その上、たった今デリシアから決定打である爆弾発言を浴びて、逆ハーに辿り着けないと打ちのめされたソアセラナの脳は麻痺している。
教師にソアセラナとデリシアの二人で魔術教室の片づけを指示されてしまい、恐ろしいことに教室には二人きりだ。
ケルベロスの事件以来ソアセラナに対する刺々しさが少しだけ丸くなったデリシアは、ちゃんと残って片づけをしている……。
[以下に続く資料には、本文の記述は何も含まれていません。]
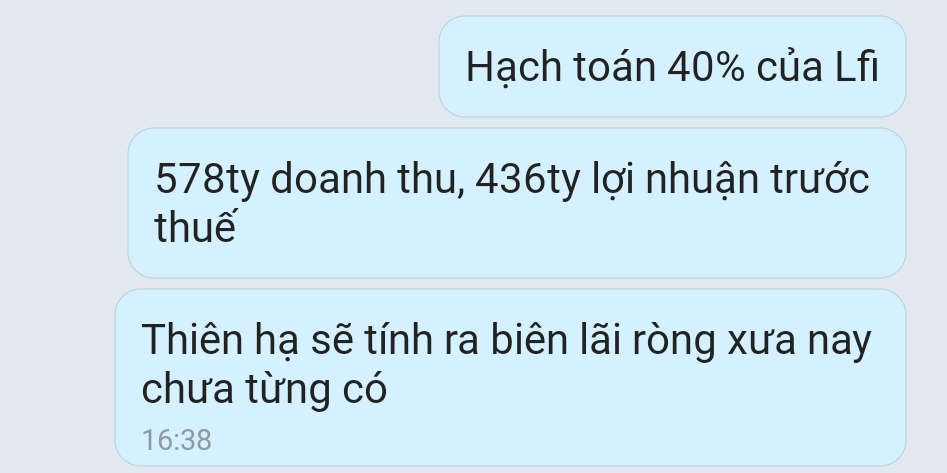 LFI anh em cũng giỏi nhưng lấy LN 1000 tỉ năm nay nhân lên ra định giá thì không ổn. Đầu tư tài chính cũng như BĐS, không dùng PE. Năm nay LFI lãi 1000, năm sau lỗ là chuyện thường.

絶対に「貴方が勝手にやっておきなさいよ!」と言われると思っていたソアセラナは、一緒に片づけをしているデリシアが不思議で何度も見てしまったほどだ。
そんな中でのデリシアの爆弾発言……。
驚きと拒否で大混乱のソアセラナは、無意識のうちに杖を落としてしまった。その杖を、あのデリシアが拾ったのだ……。ソアセラナの物を、デリシアが拾うなんて考えられない!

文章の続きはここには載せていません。